When wake up, lxhgww find himself in a huge maze. 

The maze consisted by N rooms and tunnels connecting these rooms. Each pair of rooms is connected by one and only one path. Initially, lxhgww is in room 1. Each room has a dangerous trap. When lxhgww step into a room, he has a possibility to be killed and restart from room 1. Every room also has a hidden exit. Each time lxhgww comes to a room, he has chance to find the exit and escape from this maze. 

Unfortunately, lxhgww has no idea about the structure of the whole maze. Therefore, he just chooses a tunnel randomly each time. When he is in a room, he has the same possibility to choose any tunnel connecting that room (including the tunnel he used to come to that room). 
What is the expect number of tunnels he go through before he find the exit?  InputFirst line is an integer T (T ≤ 30), the number of test cases. 

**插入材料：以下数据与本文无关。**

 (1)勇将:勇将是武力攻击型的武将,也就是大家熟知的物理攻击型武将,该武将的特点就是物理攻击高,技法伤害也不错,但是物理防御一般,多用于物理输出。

At the beginning of each case is an integer N (2 ≤ N ≤ 10000), indicates the number of rooms in this case. 

Then N-1 pairs of integers X, Y (1 ≤ X, Y ≤ N, X ≠ Y) are given, indicate there is a tunnel between room X and room Y. 

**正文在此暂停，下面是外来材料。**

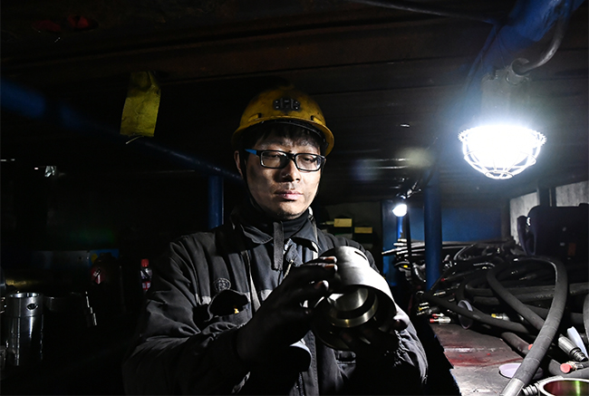 “越是有危险的地方越得带头上,因为自己是班里的顶梁柱。”“顶梁柱”这一词是杨阿敏给自己的定位,他认为在工作上就应该给职工们顶起来,让职工们时刻感觉头顶有天、背后有依靠。“急难险重冲在前、以身作则带头干”这是机电安装分公司干部职工们对杨阿敏的一致评价。5302工作面回收机组那天是杨阿敏工作以来遇到的一次大困难,因井下过构造,旧机组挂臂销变形很难取下来,造成机组吃力,再加上巷道内地方狭小,一时间造成了作业困难,经过反复勘察、研究,杨阿敏提出了用砂纸打磨的方案,方案确定后他抢先冲进工作面,弯着腰进行打磨,一干就是好几个小时,终于将旧机组成功回收。

Finally, N pairs of integers Ki and Ei (0 ≤ Ki, Ei ≤ 100, Ki + Ei ≤ 100, K1 = E1 = 0) are given, indicate the percent of the possibility of been killed and exit in the ith room. 
OutputFor each test case, output one line “Case k: ”. k is the case id, then the expect number of tunnels lxhgww go through before he exit. The answer with relative error less than 0.0001 will get accepted. If it is not possible to escape from the maze, output “impossible”. 
Sample Input

3
3
1 2
1 3
0 0
100 0
0 100
3
1 2
2 3
0 0
100 0
0 100
6
1 2
2 3
1 4
4 5
4 6
0 0
20 30
40 30
50 50
70 10
20 60

Sample Output

Case 1: 2.000000
Case 2: impossible
Case 3: 2.895522

類似的一題：hdu3853.
這題中給出的邊是無向的，所以狀態可以轉移到1, fa[i], son[i]， 三個地方。
令 dp[i] 表示從 i 位置走出迷宮的期望。
那麼對於葉子結點:
dp[i] = k[i] * dp[1] + (1 - k[i] - e[i]) * (dp[fa[i]] + 1)
對於非葉子結點： len 表示 和結點 i 有關的邊數, j 表示 i 的兒子節點
dp[i] = k[i] * dp[1] + (1 - k[i] - e[i]) / len * (dp[fa[i]] + 1 + Σ(dp[j] + 1))
令
dp[i] = A[i] * dp[1] + B[i] * dp[fa[i]] + C[i]
Σdp[j] = Σ(A[j] * dp[1] + B[j] * dp[i] + C[j])
代入非葉子結點的 dp[i] 中
dp[i] = k[i] * dp[1] + (1 - k[i] - e[i]) / len * (dp[fa[i]] + Σ(A[j] * dp[1] + B[j] * dp[i] + C[j])) + (1 - k[i] - e[i])
　　　= (k[i] + (1 - k[i] - e[i]) / len * ΣA[j] * dp[1] 
　　　+ (1 - k[i] - e[i]) / len * dp[fa[i]]
　　　+ (1 - k[i] - e[i]) / len * ΣB[j] * dp[i]
　　　+ (1 - k[i] - e[i]) / len * ΣC[j] + (1 - k[i] - e[i])
移項，合併同類項得
(1 - (1 - k[i] - e[i]) / len * ΣB[j])dp[i] = (k[i] + (1 - k[i] - e[i]) / len * ΣA[j] * dp[1]
　  　　　　　　　　　　　　　　　　　　　　+ (1 - k[i] - e[i]) / len * dp[fa[i]]
　  　　　　　　　　　　　　　　　　　　　　+ (1 - k[i] - e[i]) *(ΣC[j] / len + 1)
然後通過這個式子推出A[1], B[1], C[1]
要求的是 dp[1]， 代入一開始設的式子
dp[1] = A[1] * dp[1] + C[1]
dp[1] = C[1] / (1 - A[1])
當A[1] 和 1 很接近時，表示無解。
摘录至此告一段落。